## Task to carry out
Skip the pictures and repeat each line of the data exactly.

## Provided material

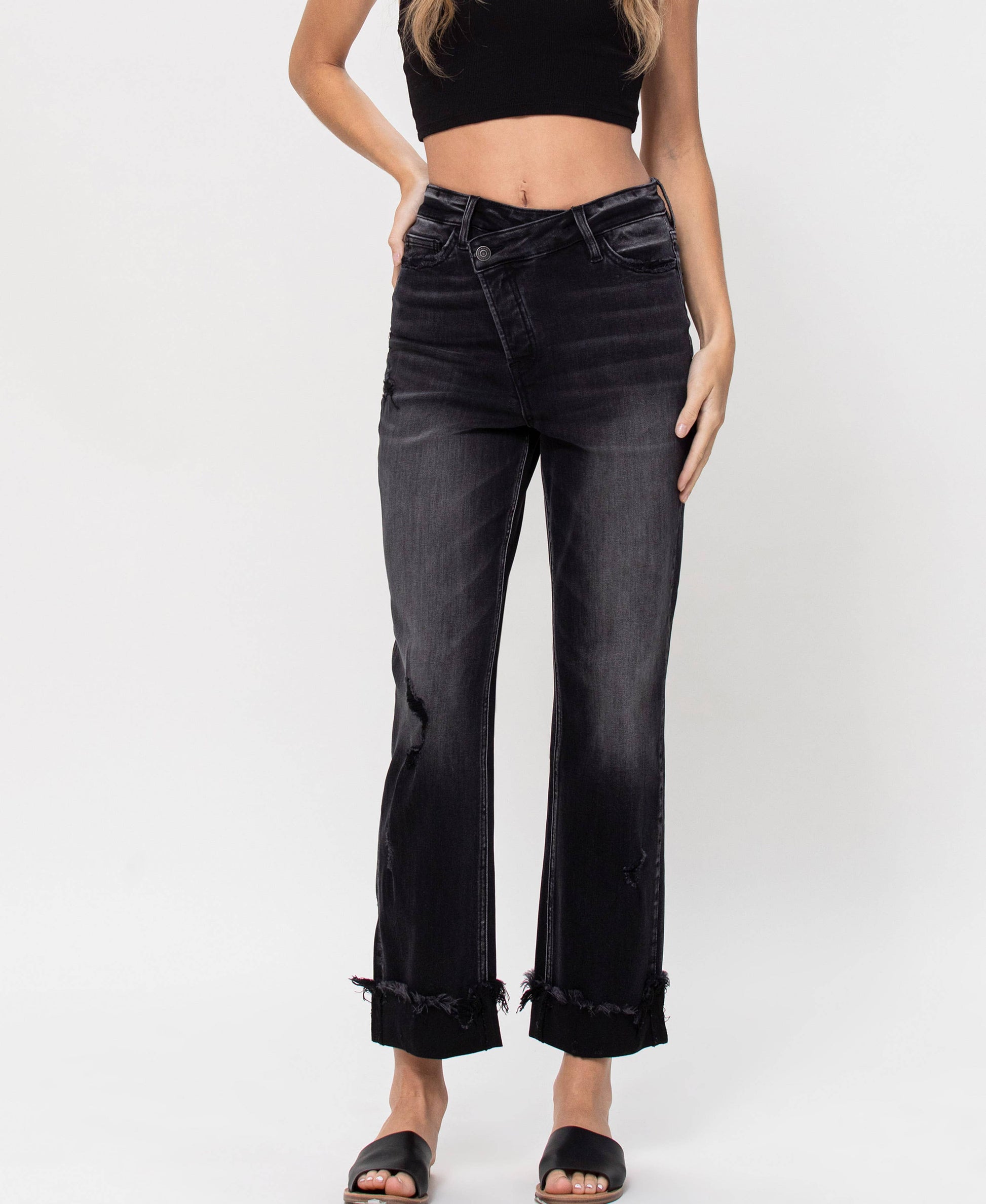 These Super High Rise Button Up Cuffed 90'S Dad Jeans F4558 are crafted with Comfort Stretch Denim, featuring a super high rise waist and an asymmetrical waistband. The button up fly and single cuff hem add a touch of style, while the cropped length and 90's inspired design make them a must-have for any fashionista. With a rise of 11 1/2", inseam of 27", leg opening of 16", and cuff measuring 2 1/2" x 1", these jeans are sure to flatter any figure. Our model, standing at 5'9", is wearing a size 26.
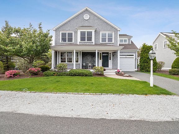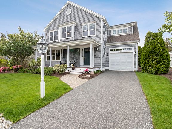 Rare opportunity in Mill Farm Way. This expansive free standing unit is bright and airy with beautifully scaled large rooms. After relaxing on the farmers porch step into the formal entry that opens to the living room with hardwood floors, fireplace and beautiful built-ins. The formal dining area has sliders to the patio and yard for your outdoor entertaining. The first floor master suite is perfect for guests or allows you one floor living. The 2nd floor features another master suite, loft area, additional bedroom and full bath. The full lower level is great for storage or could be finished for addition living space. The attached single car garage and additional parking make this unit a must. All this and more convenient to Falmouth Center, beaches and major highways.
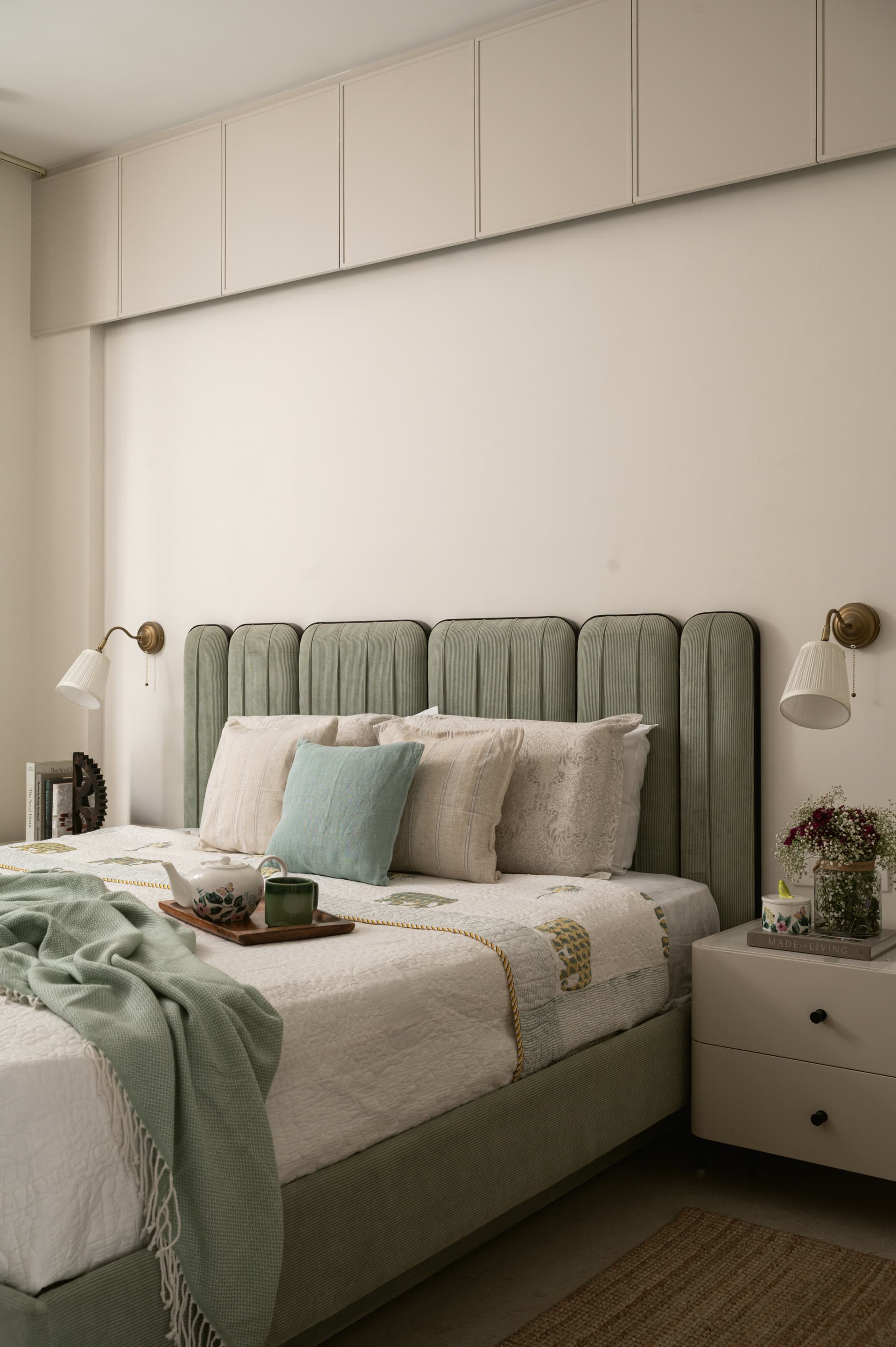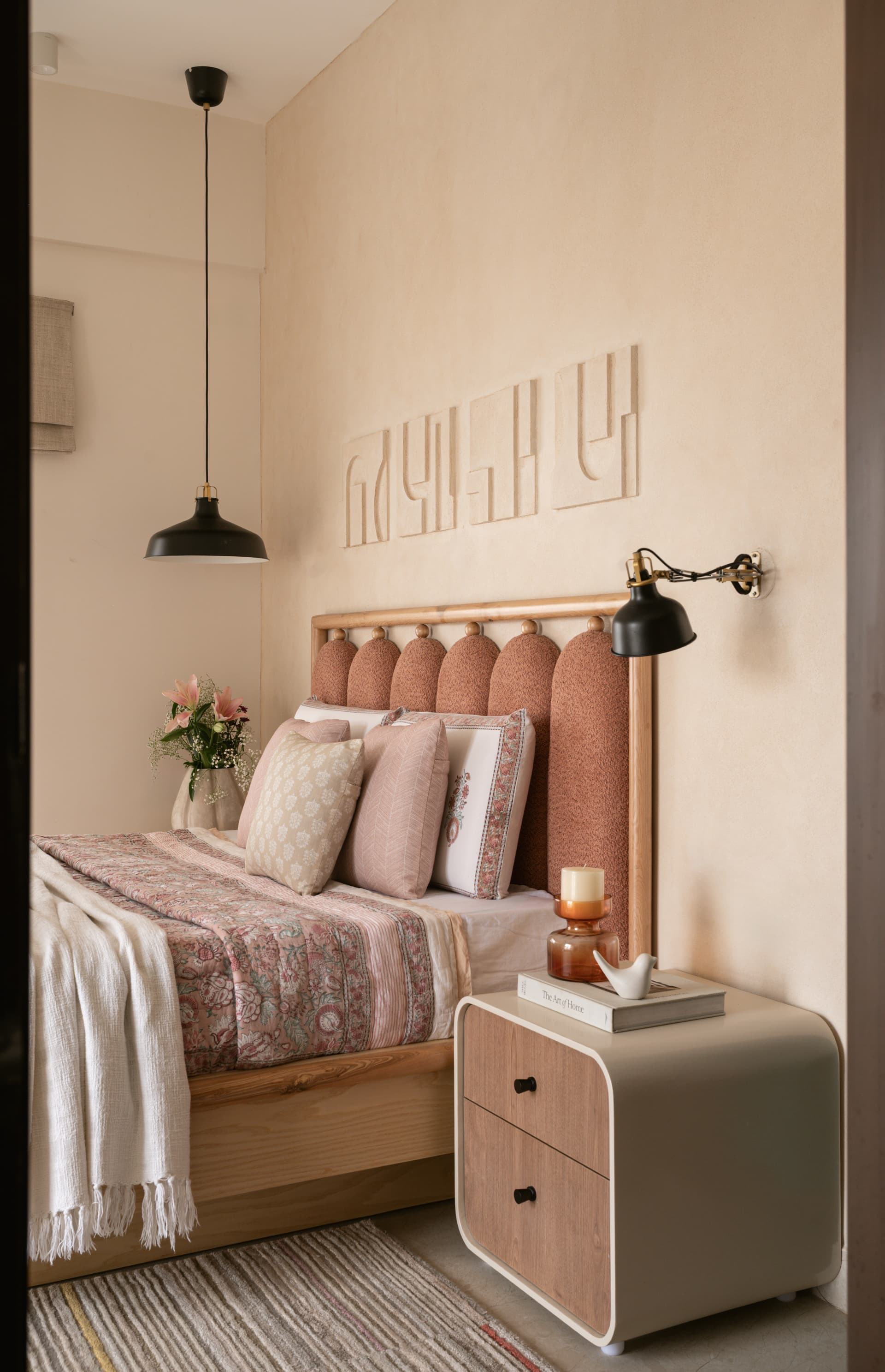 Each of the bedrooms follows a personalised approach to colour and mood. In one, an olive green headboard brings a sense of freshness, while another features a rust-toned backdrop that adds warmth and energy. Importantly, all bursts of colour are confined to loose furniture and furnishings, making future updates easy and cost-efficient. Custom side tables and a minimalist chest of drawers extend the home’s cohesive design language, enhancing both form and function.

## Result
 These Super High Rise Button Up Cuffed 90'S Dad Jeans F4558 are crafted with Comfort Stretch Denim, featuring a super high rise waist and an asymmetrical waistband. The button up fly and single cuff hem add a touch of style, while the cropped length and 90's inspired design make them a must-have for any fashionista. With a rise of 11 1/2", inseam of 27", leg opening of 16", and cuff measuring 2 1/2" x 1", these jeans are sure to flatter any figure. Our model, standing at 5'9", is wearing a size 26.
 Rare opportunity in Mill Farm Way. This expansive free standing unit is bright and airy with beautifully scaled large rooms. After relaxing on the farmers porch step into the formal entry that opens to the living room with hardwood floors, fireplace and beautiful built-ins. The formal dining area has sliders to the patio and yard for your outdoor entertaining. The first floor master suite is perfect for guests or allows you one floor living. The 2nd floor features another master suite, loft area, additional bedroom and full bath. The full lower level is great for storage or could be finished for addition living space. The attached single car garage and additional parking make this unit a must. All this and more convenient to Falmouth Center, beaches and major highways.
 Each of the bedrooms follows a personalised approach to colour and mood. In one, an olive green headboard brings a sense of freshness, while another features a rust-toned backdrop that adds warmth and energy. Importantly, all bursts of colour are confined to loose furniture and furnishings, making future updates easy and cost-efficient. Custom side tables and a minimalist chest of drawers extend the home’s cohesive design language, enhancing both form and function.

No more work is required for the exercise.